▸ **Exercise requirements**: Please return only the lines from the one showing "La figure D" to the end of the entries, keeping both ends and dropping every picture.

╭─ Records

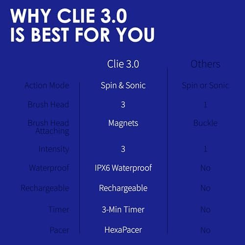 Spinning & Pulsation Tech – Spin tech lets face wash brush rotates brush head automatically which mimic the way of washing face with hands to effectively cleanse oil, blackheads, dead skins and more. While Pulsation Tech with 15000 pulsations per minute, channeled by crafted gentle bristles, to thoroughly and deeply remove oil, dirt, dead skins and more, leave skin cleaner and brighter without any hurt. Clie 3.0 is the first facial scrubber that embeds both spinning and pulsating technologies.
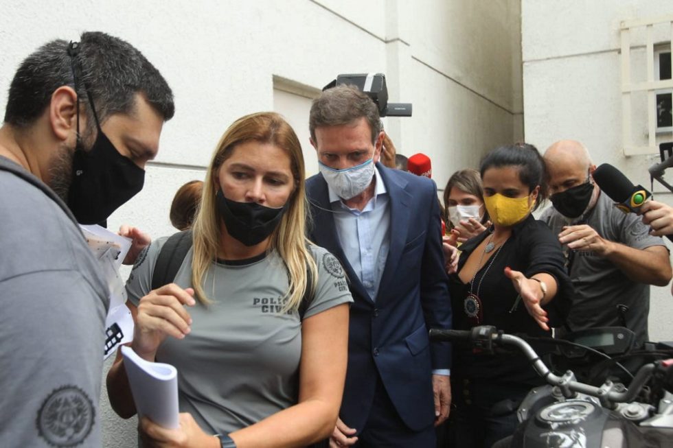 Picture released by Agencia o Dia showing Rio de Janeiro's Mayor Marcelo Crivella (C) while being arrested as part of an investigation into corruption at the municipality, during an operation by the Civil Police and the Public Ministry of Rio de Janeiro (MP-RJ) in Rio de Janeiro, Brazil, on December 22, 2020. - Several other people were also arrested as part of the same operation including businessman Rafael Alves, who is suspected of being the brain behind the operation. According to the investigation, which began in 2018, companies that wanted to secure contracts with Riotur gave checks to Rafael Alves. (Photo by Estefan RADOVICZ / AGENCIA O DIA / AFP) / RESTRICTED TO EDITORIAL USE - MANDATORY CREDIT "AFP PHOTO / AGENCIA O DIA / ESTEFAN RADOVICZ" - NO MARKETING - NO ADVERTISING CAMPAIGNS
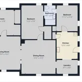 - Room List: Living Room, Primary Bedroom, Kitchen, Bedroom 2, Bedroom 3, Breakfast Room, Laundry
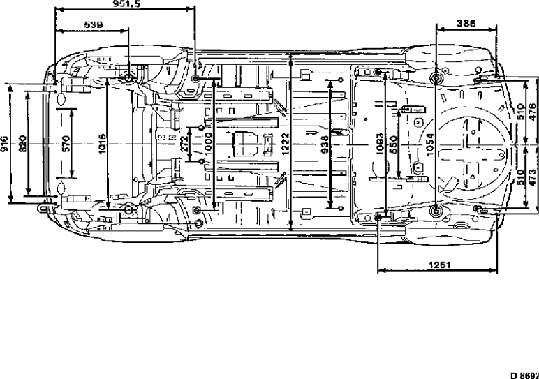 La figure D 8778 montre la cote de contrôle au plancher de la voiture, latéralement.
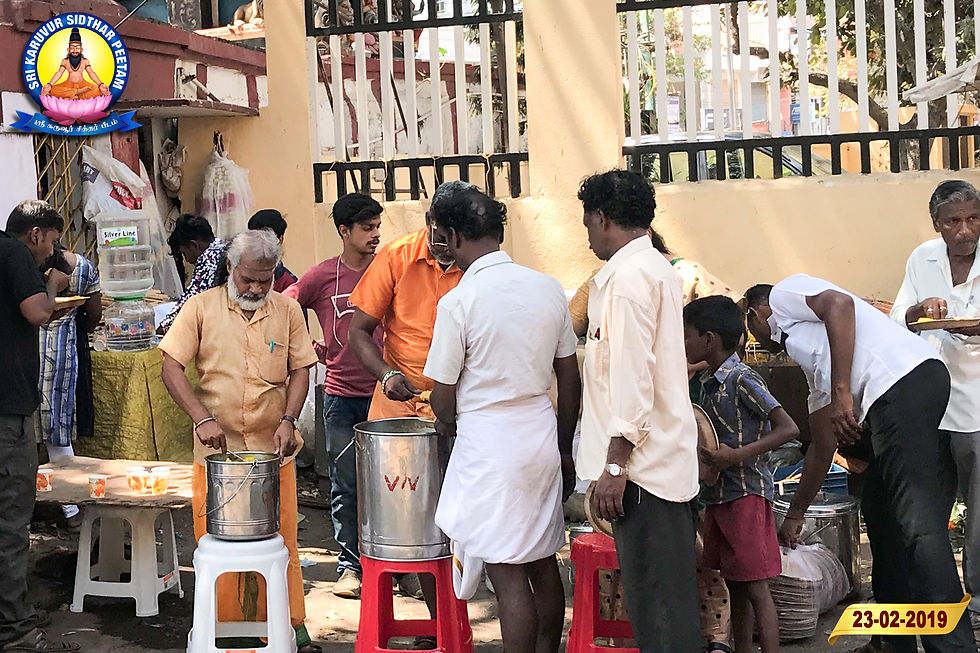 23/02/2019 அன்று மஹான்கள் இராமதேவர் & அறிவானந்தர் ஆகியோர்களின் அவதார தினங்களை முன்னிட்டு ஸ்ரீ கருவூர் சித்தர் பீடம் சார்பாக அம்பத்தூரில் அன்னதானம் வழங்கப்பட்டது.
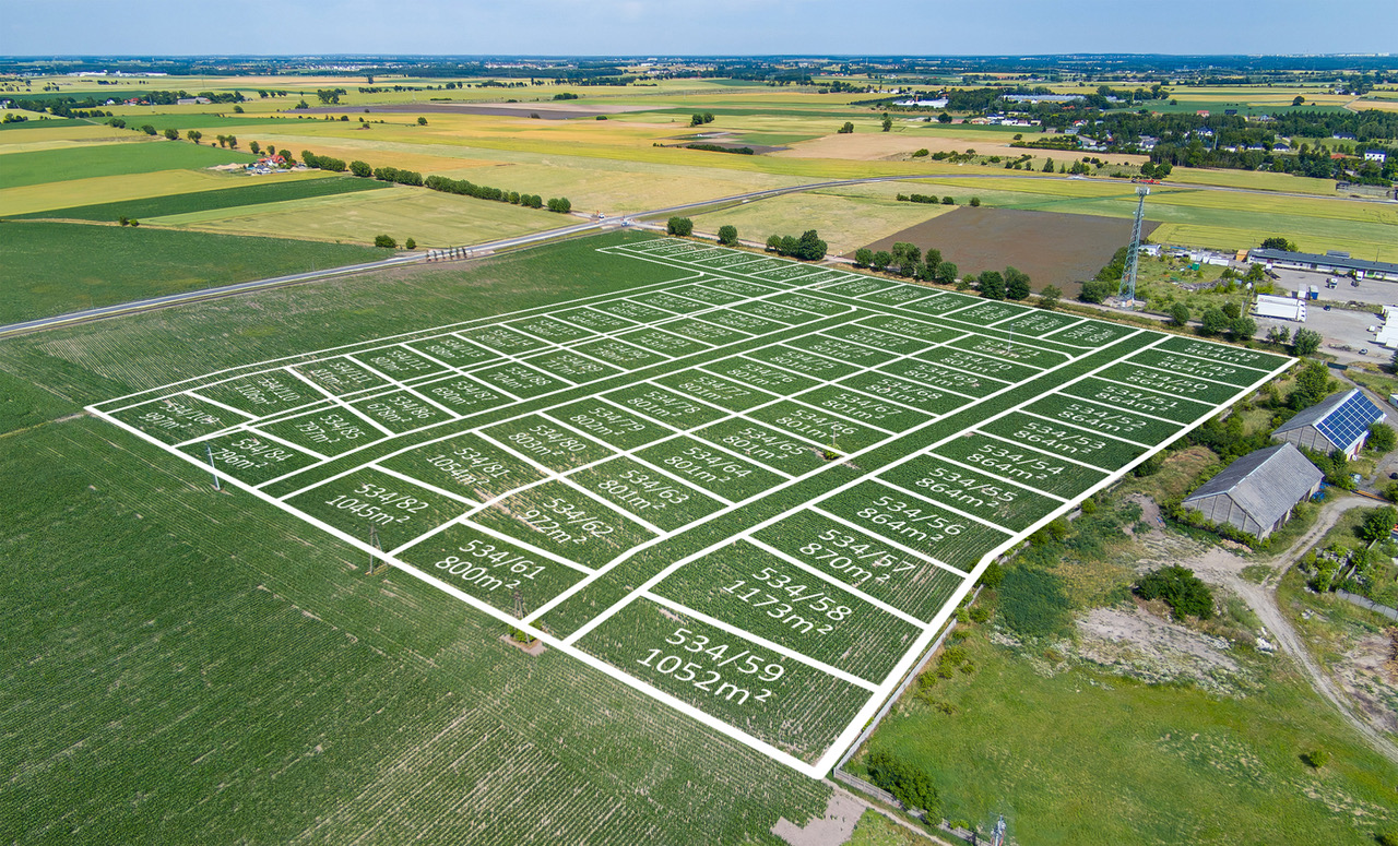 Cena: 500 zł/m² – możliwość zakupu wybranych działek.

╰─

▸ **Response to the exercise**:
 La figure D 8778 montre la cote de contrôle au plancher de la voiture, latéralement.
 23/02/2019 அன்று மஹான்கள் இராமதேவர் & அறிவானந்தர் ஆகியோர்களின் அவதார தினங்களை முன்னிட்டு ஸ்ரீ கருவூர் சித்தர் பீடம் சார்பாக அம்பத்தூரில் அன்னதானம் வழங்கப்பட்டது.
 Cena: 500 zł/m² – możliwość zakupu wybranych działek.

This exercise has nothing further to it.